Which lines of the data below include the string "naturaleza"? Return each of them.

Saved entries
# # # # # # #
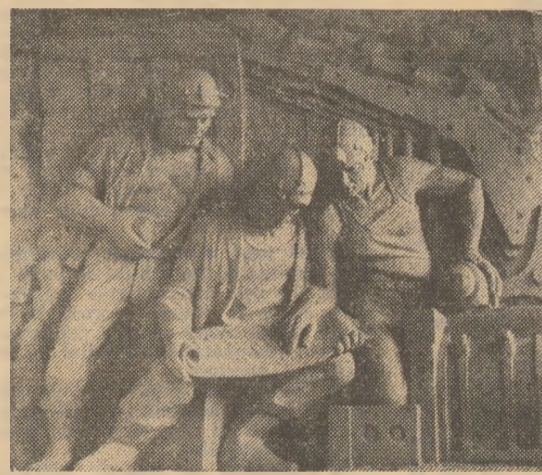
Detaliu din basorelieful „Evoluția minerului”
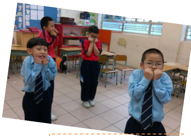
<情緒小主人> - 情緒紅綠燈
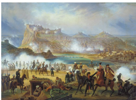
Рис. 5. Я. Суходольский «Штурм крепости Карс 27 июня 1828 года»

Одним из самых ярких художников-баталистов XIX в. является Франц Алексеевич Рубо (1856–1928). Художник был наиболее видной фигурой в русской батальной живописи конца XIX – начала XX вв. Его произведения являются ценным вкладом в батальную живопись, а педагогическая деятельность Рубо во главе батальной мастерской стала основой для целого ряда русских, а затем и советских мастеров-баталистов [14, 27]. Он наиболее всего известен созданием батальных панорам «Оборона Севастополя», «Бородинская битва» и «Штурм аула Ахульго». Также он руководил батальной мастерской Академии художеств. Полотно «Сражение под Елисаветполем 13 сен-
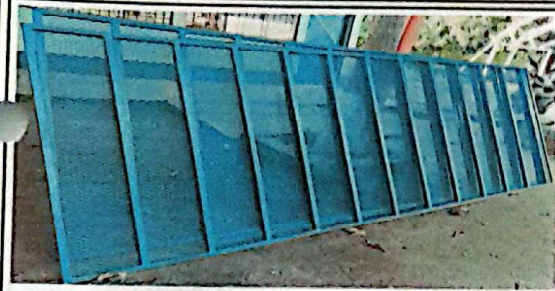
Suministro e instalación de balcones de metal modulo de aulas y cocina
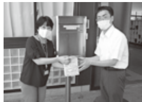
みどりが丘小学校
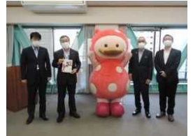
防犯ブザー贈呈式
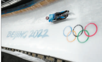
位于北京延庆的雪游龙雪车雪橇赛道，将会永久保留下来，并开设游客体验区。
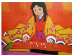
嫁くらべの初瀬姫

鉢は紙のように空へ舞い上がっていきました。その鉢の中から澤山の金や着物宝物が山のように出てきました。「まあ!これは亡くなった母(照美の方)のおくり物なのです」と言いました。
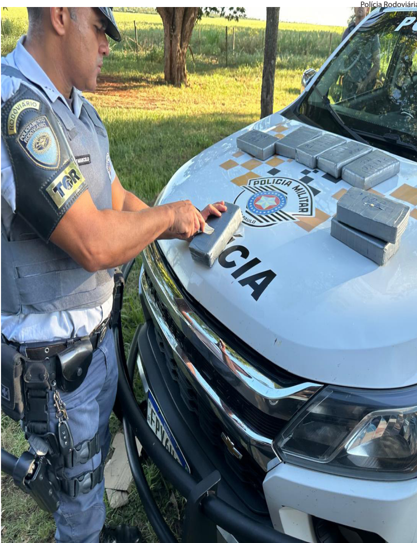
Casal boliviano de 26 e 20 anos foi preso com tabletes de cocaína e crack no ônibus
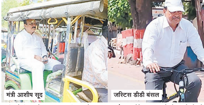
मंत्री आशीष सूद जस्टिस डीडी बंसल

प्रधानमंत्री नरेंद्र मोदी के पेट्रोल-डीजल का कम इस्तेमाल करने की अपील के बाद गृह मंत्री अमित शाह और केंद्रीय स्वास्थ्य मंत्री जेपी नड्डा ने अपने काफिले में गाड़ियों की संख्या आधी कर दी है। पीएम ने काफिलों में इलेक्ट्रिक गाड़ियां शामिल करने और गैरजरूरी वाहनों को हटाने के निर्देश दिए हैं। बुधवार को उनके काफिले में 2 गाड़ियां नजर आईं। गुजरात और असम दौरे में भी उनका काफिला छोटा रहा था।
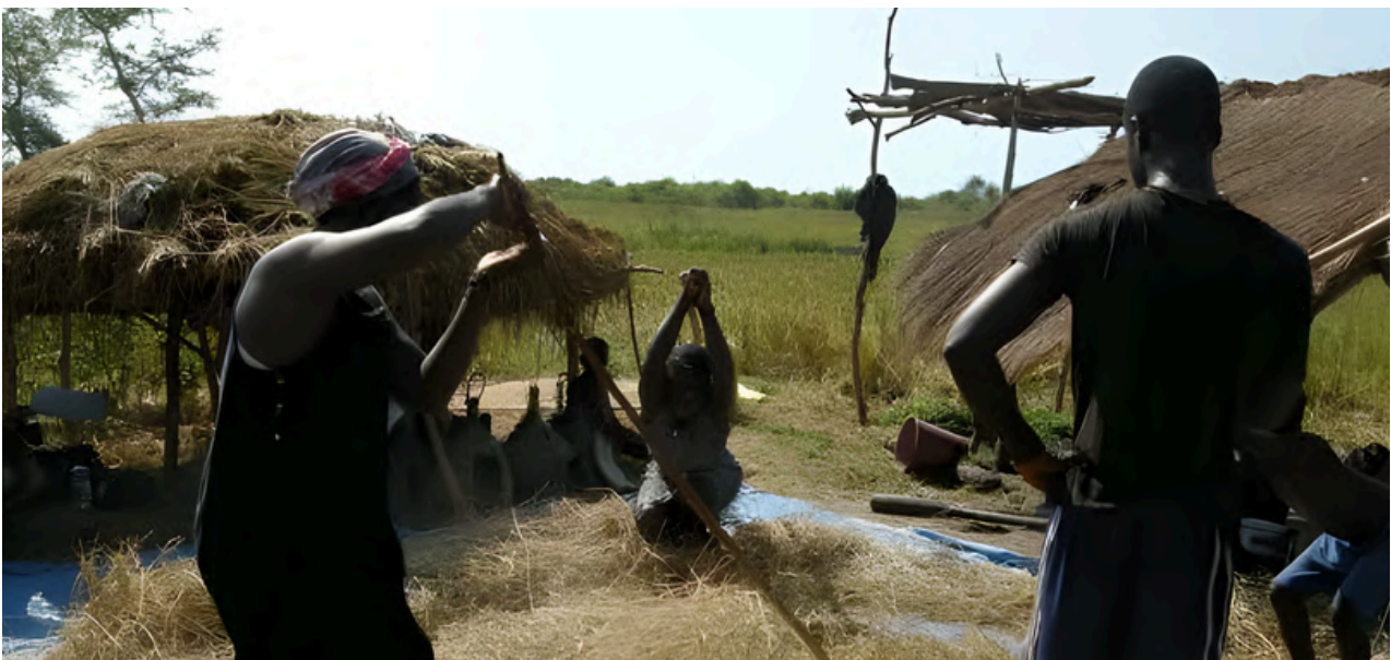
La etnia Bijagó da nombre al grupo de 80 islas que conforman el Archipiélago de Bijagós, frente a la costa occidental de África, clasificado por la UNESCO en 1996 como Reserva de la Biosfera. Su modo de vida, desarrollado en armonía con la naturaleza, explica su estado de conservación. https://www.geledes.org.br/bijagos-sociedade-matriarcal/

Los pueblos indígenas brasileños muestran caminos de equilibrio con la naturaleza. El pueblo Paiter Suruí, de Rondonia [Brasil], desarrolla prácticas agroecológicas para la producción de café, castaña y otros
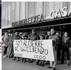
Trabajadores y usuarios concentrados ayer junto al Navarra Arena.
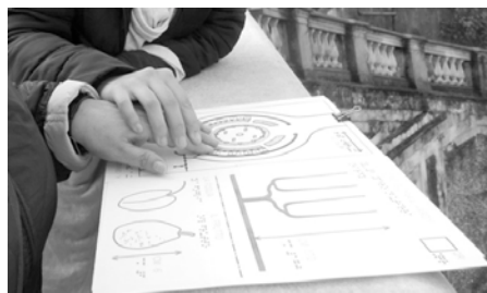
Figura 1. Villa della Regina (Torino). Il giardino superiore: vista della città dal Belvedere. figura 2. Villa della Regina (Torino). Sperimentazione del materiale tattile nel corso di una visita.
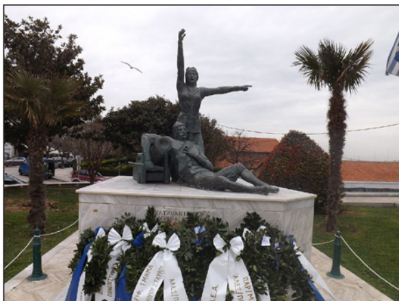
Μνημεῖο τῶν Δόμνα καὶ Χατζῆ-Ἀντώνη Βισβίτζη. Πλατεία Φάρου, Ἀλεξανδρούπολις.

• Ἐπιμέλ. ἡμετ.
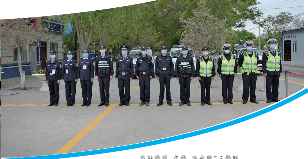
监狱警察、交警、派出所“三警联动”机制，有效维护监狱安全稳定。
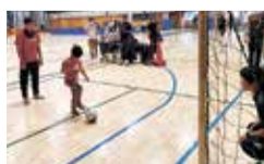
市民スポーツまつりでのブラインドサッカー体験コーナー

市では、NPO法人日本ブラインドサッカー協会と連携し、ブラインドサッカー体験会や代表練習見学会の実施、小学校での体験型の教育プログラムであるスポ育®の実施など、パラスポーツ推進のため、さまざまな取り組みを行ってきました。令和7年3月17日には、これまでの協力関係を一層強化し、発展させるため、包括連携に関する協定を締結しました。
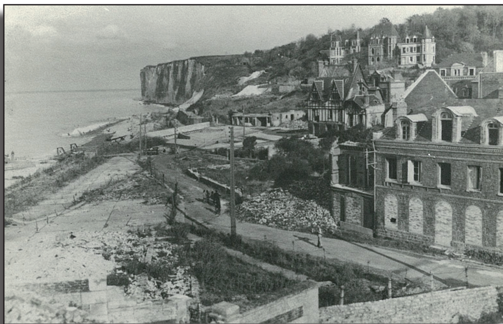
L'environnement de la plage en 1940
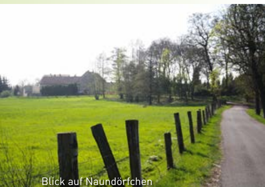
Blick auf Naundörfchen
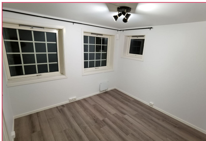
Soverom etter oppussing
# # # # # # #
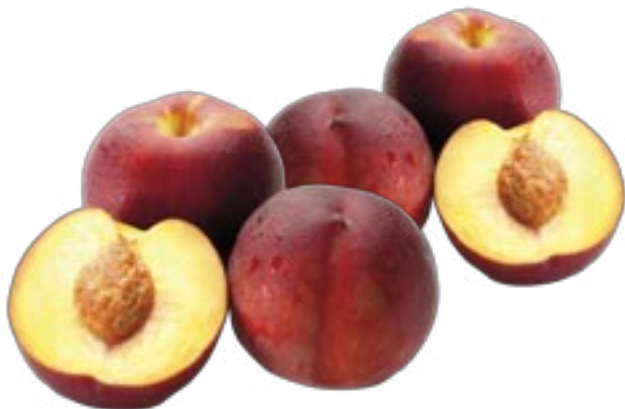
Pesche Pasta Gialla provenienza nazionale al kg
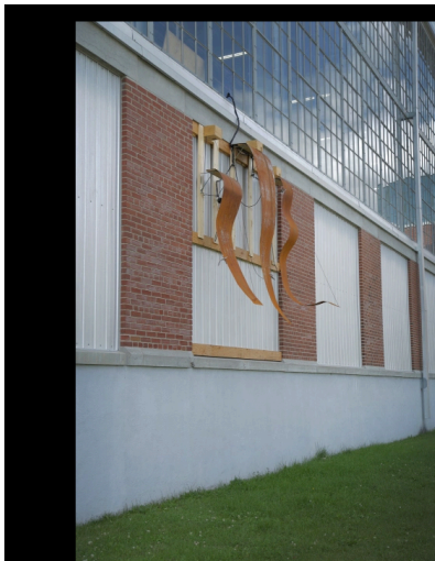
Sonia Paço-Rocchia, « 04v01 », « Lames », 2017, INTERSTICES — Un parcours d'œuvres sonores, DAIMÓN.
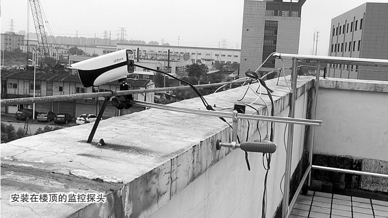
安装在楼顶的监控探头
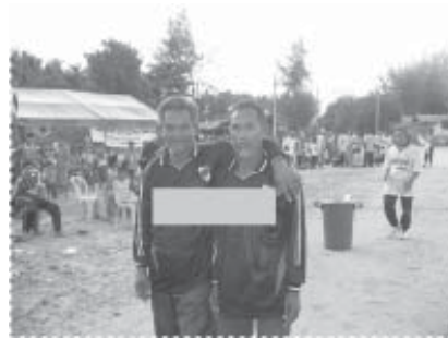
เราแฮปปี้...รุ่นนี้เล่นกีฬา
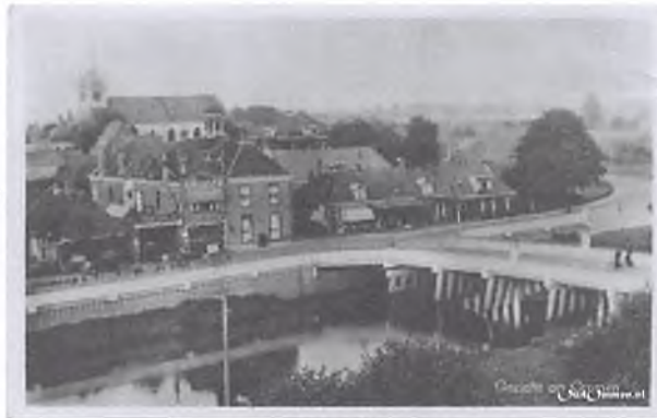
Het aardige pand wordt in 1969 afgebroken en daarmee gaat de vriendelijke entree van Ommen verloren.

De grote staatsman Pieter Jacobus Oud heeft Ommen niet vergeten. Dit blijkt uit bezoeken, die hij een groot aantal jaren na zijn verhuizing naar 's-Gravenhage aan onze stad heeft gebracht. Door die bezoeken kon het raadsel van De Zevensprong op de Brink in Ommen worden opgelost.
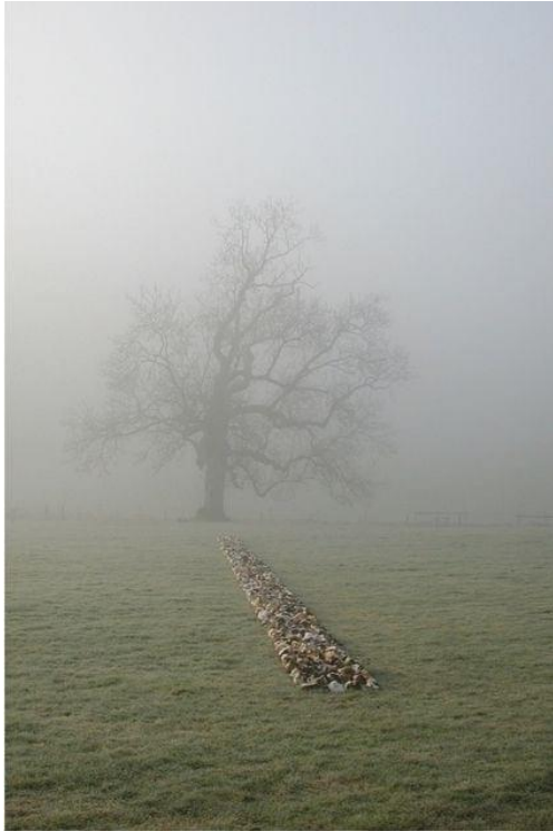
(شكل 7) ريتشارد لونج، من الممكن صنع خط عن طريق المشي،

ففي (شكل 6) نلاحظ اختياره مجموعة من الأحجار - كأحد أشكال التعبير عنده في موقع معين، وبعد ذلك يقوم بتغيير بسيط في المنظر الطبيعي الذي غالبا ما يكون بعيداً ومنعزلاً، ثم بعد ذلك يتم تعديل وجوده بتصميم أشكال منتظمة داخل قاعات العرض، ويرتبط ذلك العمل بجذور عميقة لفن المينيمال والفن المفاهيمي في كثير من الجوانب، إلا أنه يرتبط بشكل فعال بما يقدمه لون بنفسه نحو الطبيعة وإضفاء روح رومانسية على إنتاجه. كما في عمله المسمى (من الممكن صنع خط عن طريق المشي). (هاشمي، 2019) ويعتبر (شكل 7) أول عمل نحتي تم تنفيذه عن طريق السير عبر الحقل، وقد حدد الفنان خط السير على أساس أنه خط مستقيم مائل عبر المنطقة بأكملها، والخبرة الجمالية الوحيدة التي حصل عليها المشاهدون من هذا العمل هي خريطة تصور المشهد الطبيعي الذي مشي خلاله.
# # # # # # #
* FINISHED TASK
La etnia Bijagó da nombre al grupo de 80 islas que conforman el Archipiélago de Bijagós, frente a la costa occidental de África, clasificado por la UNESCO en 1996 como Reserva de la Biosfera. Su modo de vida, desarrollado en armonía con la naturaleza, explica su estado de conservación. https://www.geledes.org.br/bijagos-sociedade-matriarcal/
Los pueblos indígenas brasileños muestran caminos de equilibrio con la naturaleza. El pueblo Paiter Suruí, de Rondonia [Brasil], desarrolla prácticas agroecológicas para la producción de café, castaña y otros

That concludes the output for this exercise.